I picked up a Jessem FX II router lift a couple of years ago and finally found time to make my 4th router table. This time I took a novel approach to make the cutout using the template as a support frame to increase the thickness of the plywood to 1 1/2". The 2nd part of this blog illustrates how I made an adjustable fence using 1/2" screws. This is an awesome design that uses epoxy so no welding is needed.

My neighbor likes to take pictures for me so instead of writing a novel, I'll present this as a photo blog with minimal dialogue. That's less writing for me and more pictures for you. Pictures tell the story anyway.

I decided on a 3/4" rabbet for my insert so I made 3/4" marks on the underside of the insert and measured the template sides against the marks.


















To make sure the sides are exactly the same size, I taped them together and gang cut…........

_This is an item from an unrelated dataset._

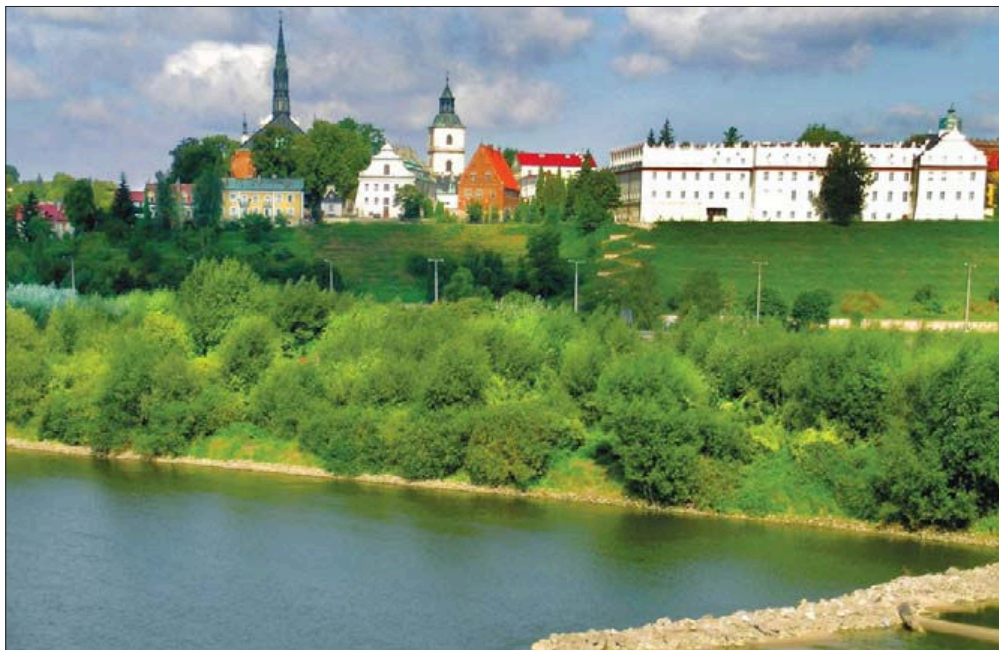
Fot. 3. Sandomierz - dziedzictwo kulturowe nadwiślańskiego miasta, powstałego dzięki Wiśle Phot. 3. Sandomierz - cultural heritage of a town, which was founded thanks to the Vistula

Przyrodnicze znaczenie i oddziaływanie rzeki nie ogranicza się do tego, co się dzieje w jej korycie w czasie najdłużej trwających niskich i średnich stanów wody. Sięga i ogarnia jej całą dolinę (np. podczas wysokich stanów wody zostają przemodelowane jej tarasy zalewowe, nanoszone osady rzeczne, odcinane starorzecza itp.), a nawet wykracza poza nią (rzeka oddziałuje np. na klimat lokalny).

Oops! I cut them too short, I need to trim the sides to make them longer. Think it can't be done? See for yourself…..............









Now I glued the template together to make the frame. I am amazed how strong the bond wood glue makes.









Attaching the template to the underside of the router table. The sides are glued & stapled, the side near the miter track was just glued. Don't want to trash an expensive dado blade.









Cut out the inside blank and trimmed flush to the template with a router. You can see the combined 1 1/2" thickness where the router plate rests. This puts the extra support where it's needed. (It's a hot day.)









Cut the rabbet in several passes, working from 1/4" on the first pass up to the final 3/4" cut.

























Attached the router table to the table saw and dropped in the router lift. I had to trim up the corners with a laminate trimmer to get the plate to fit-no biggie.









Here's the underside of the router table with the lift. 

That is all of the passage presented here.